- Information shown

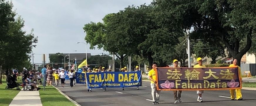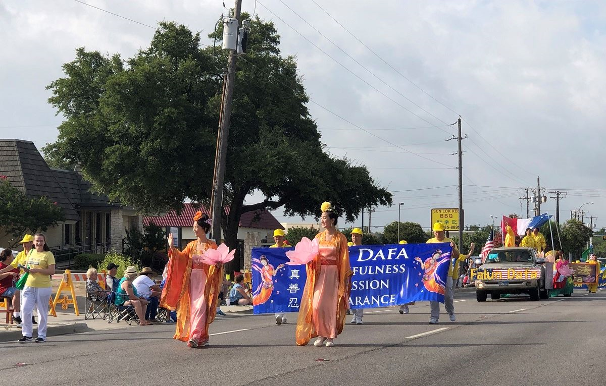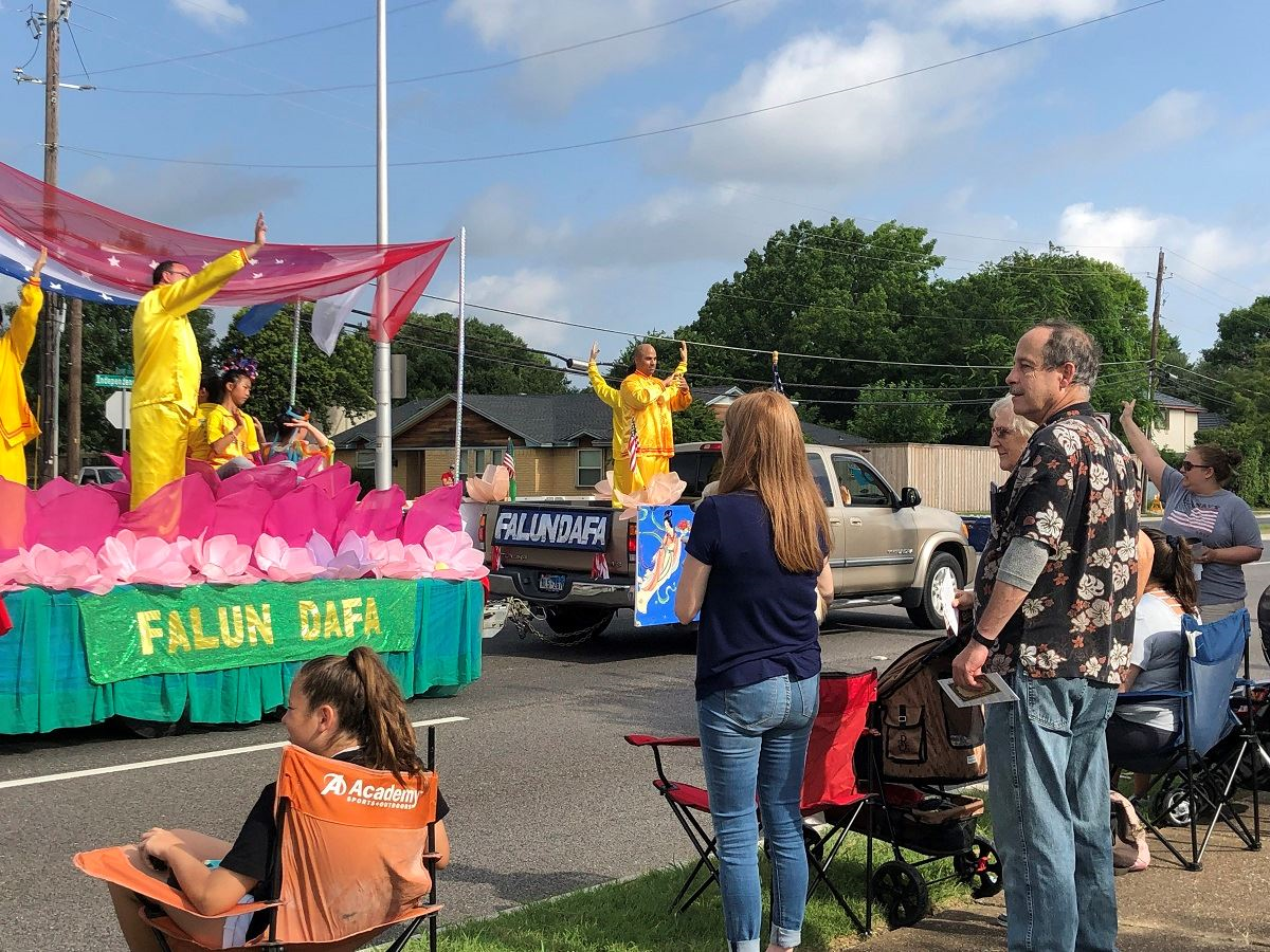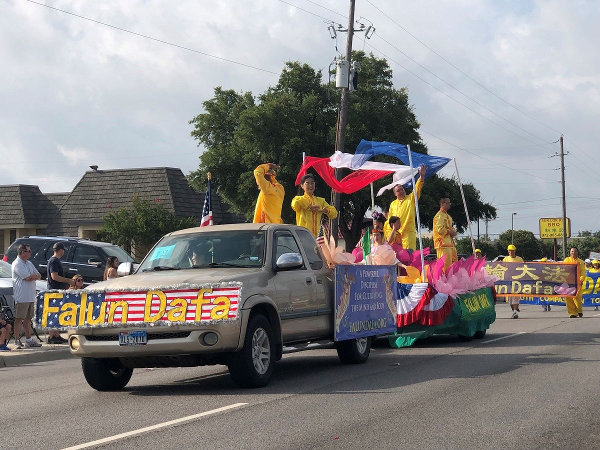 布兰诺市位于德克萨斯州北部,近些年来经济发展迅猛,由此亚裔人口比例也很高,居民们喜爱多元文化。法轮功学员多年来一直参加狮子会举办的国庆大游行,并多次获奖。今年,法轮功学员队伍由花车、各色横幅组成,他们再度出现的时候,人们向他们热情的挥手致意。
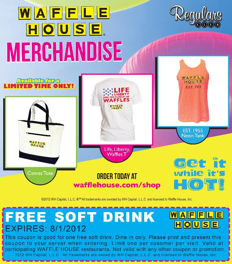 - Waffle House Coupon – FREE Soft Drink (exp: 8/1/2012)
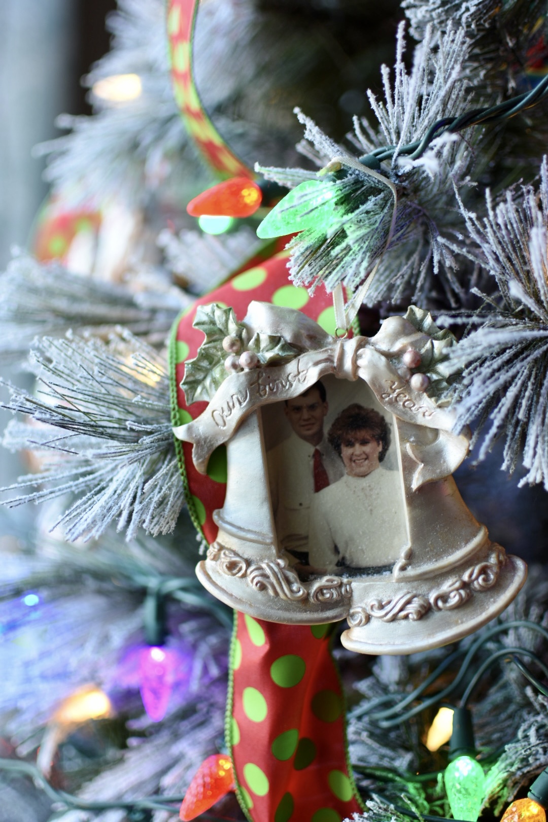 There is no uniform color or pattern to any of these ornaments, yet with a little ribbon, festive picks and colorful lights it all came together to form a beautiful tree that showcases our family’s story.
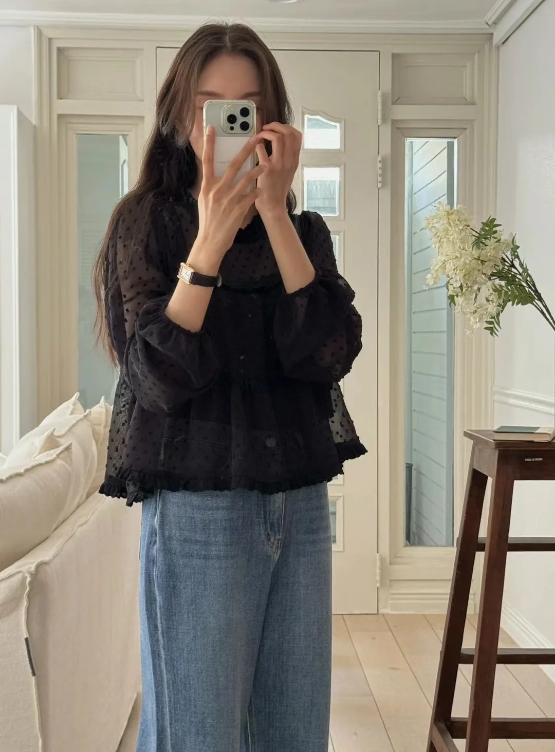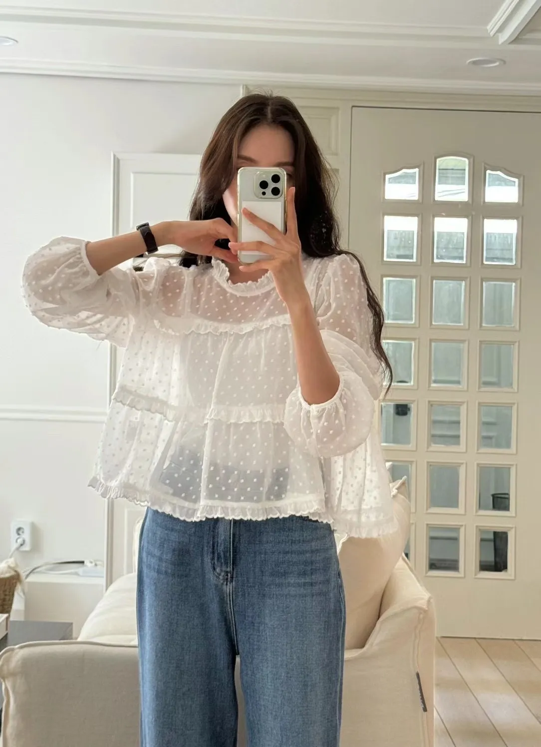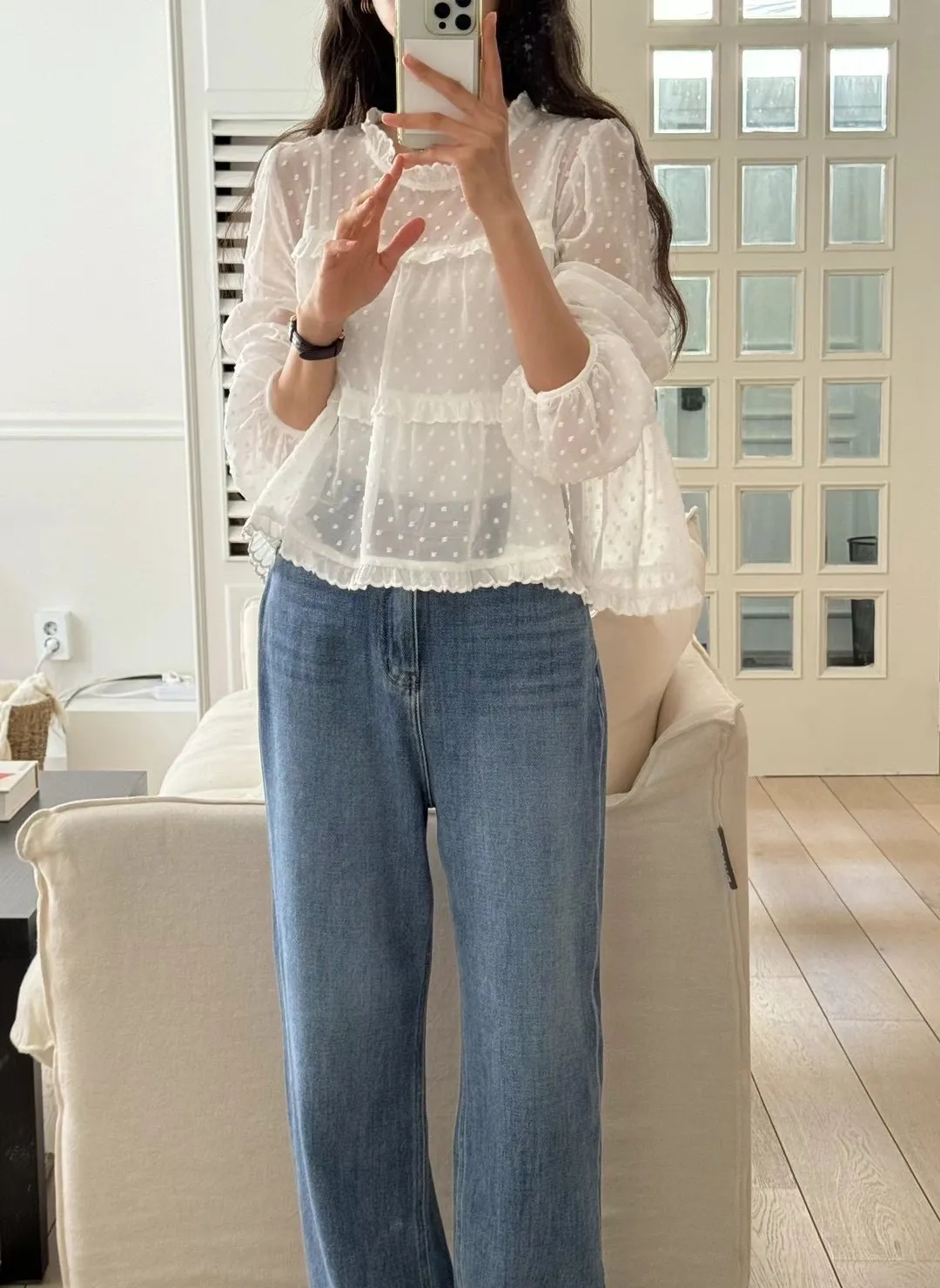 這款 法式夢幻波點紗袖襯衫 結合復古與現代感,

- Activity
The data above must be written out again word for word, without its pictures.

- Solution to this problem
 布兰诺市位于德克萨斯州北部,近些年来经济发展迅猛,由此亚裔人口比例也很高,居民们喜爱多元文化。法轮功学员多年来一直参加狮子会举办的国庆大游行,并多次获奖。今年,法轮功学员队伍由花车、各色横幅组成,他们再度出现的时候,人们向他们热情的挥手致意。
 - Waffle House Coupon – FREE Soft Drink (exp: 8/1/2012)
 There is no uniform color or pattern to any of these ornaments, yet with a little ribbon, festive picks and colorful lights it all came together to form a beautiful tree that showcases our family’s story.
 這款 法式夢幻波點紗袖襯衫 結合復古與現代感,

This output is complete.